I know Postgres supports table partitioning. However, I'm new to this concept, so I'm not sure what's the best way to do this. Do I need partitioning in this case, or should I just create these tables manually? Or maybe there is a better solution?
The data will be queried later in various ways, and those queries are expected to run fast.
EDIT:
If I end up with 12-14 tables, each storing 10-20 millions rows, Postgres should be still able to run select statements quickly, right? Inserts don't have to be super fast.
Partitioning is a good idea under various circumstances. Two that come to mind are:
Your queries have a WHERE clause that can be readily mapped onto one or a handful of partitions.

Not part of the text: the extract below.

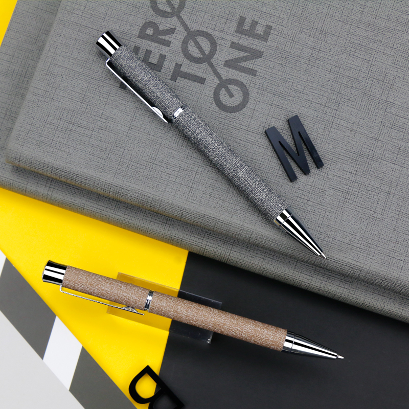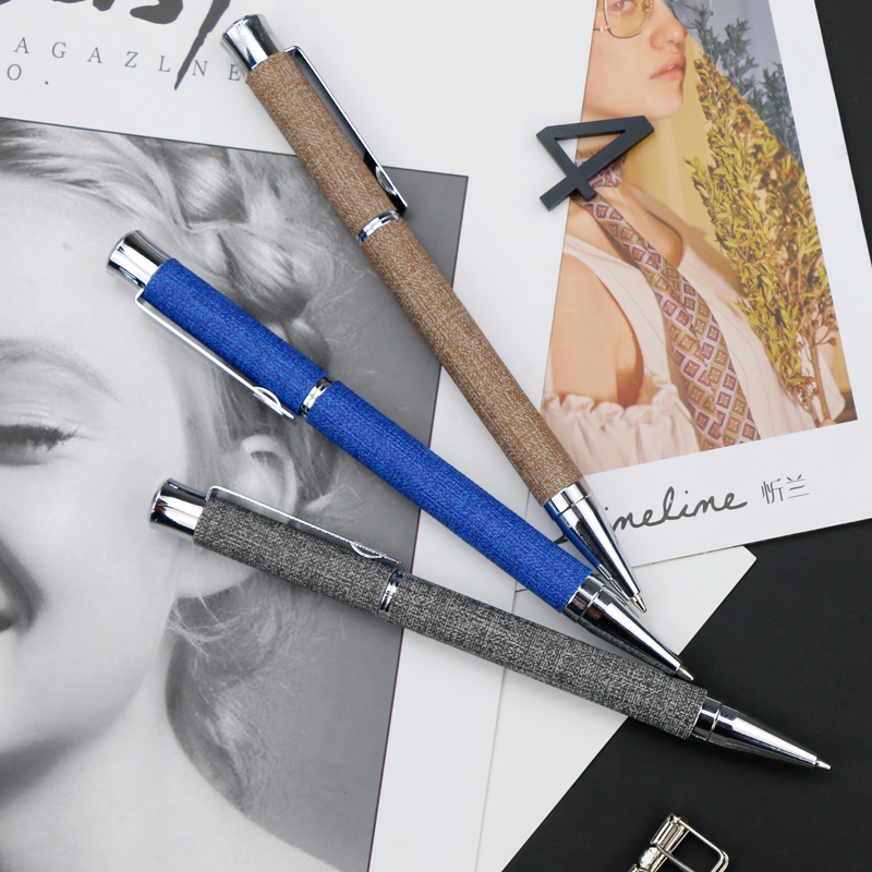 This twist pen has a metal body and is covered with PU on the barrel to ensure a comfortable grip. It has a pocket clip on the side and flaunts a sleek and modern look. The twist ball pen offers a smooth writing experience and is suitable for everyday writing needs.

You want a speedy way to delete historical data (dropping a partition is faster than deleting records).
Without knowledge of the types of queries that you want to run, it is difficult to say if partitioning is a good idea.
I think I can say that splitting the data into different tables is a bad idea because it is a maintenance nightmare:
You can't have foreign key references into the table.
Queries spanning multiple tables are cumbersome, so simple questions are hard to answer.
Maintaining tables becomes a nightmare (adding/removing a column).
Permissions have to be carefully maintained, if you have users with different roles.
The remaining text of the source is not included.